Kierowca Formuły E zdyskwalfikowany. Podczas wyścigu wykorzystał podstawionego kierowcę

W sobotę wieczorem odbyły się kolejne zawody z serii Formula E. Teraz okazuje się, że jeden z zawodników został zdyskwalifikowany, gdyż skorzystał z pomocy osób trzecich i samodzielnie nie wziął udziału w wyścigu.
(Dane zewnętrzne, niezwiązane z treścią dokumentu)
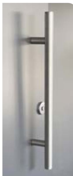
Handlebar round 2 pieces per door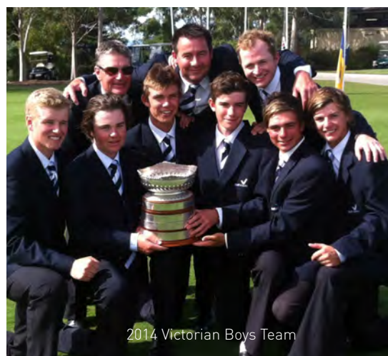
2014 Victorian Boys Team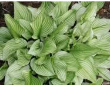
H 'Zebra Stripes'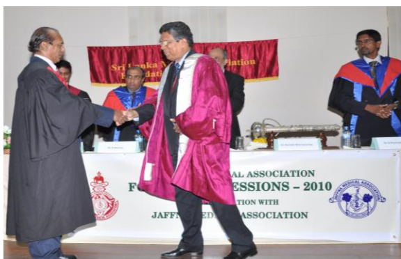
Award of Honorary Life Membership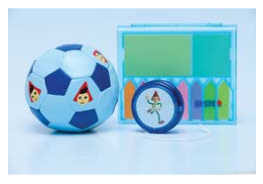
Download [jpg; 384.3 KB]

Additionally, a special World Savings Day premium savings passbook will be on offer from 17 October to 4 November 2011. The terms: 3.00% p.a. interest in the first year ; maximum deposit per quarter: EUR 1,500. After the end of the first year, "s Prämien Sparen" deposits will bear standard interest rates as applicable at the time.

Wyścigi formuły E to wyścigi jednomiejscowych samochodów elektrycznych, zapoczątkowane w 2012 roku. Jako, że tegoroczne fizyczne zawody zostały odwołane, ze względu na bezpieczeństwo w trakcie pandemii koronawirusa, organizatorzy zdecydowali się na inną formułę wydarzenia – wyścigi w formie online.
Wyścigi Formuły E online
Transmisje z poszczególnych wydarzeń można oglądać na stronie internetowej The ABB Formula E Race at Home Challenge oraz na kanałach społecznościowych: Facebooku, Twitterze, YouTubie, Twitchu, czy specjalnej stronie gamingowej Facebooka. Wyścigi odbywają się w każdą sobotę już od 25 kwietnia.
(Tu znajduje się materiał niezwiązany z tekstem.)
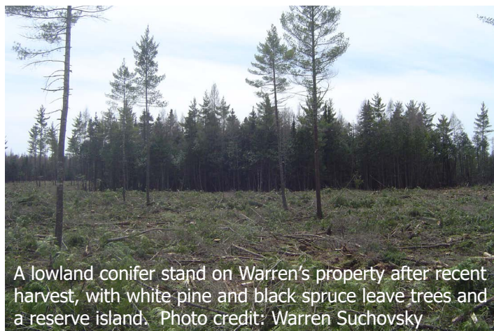
A lowland conifer stand on Warren's property after recent harvest, with white pine and black spruce trees and a reserve island.

Matt and his family own a 20-acre camp next to the Laughing Whitefish River near Deerton, MI. Their property includes a 12-acre stand of northern hardwoods that Matt intends to manage for sugarbush and wildlife habitat. When Matt considered climate change risks that might be most important for his woods, a few big things came to mind. Climate change has the potential to cause

Kontrowersje wokół sobotniego wyścigu
W sobotę odbył się kolejny wyścig w ramach „Race At Home Challenge”, który miał na celu wsparcie UNICEF-u. Tym razem kierowcy ścigali się na wirtualnej trasie na lotnisku Berlin Tempelhof.
Rywalizacja jak zwykle była zacięta. Ostatecznym zwycięzcą okazał sięOliver Rowland z teamu Nissana. Na drugim miejscu znalazł się kierowca Mercedesa Stoffel Vandoorne. Na trzecim uplasował się natomiast Daniel Abt z teamu Audi. Wyniki te zostały jednak podważone, gdy dwóch zawodników oskarżyło Abta o użycie podstawionego kierowcy podczas wyścigu.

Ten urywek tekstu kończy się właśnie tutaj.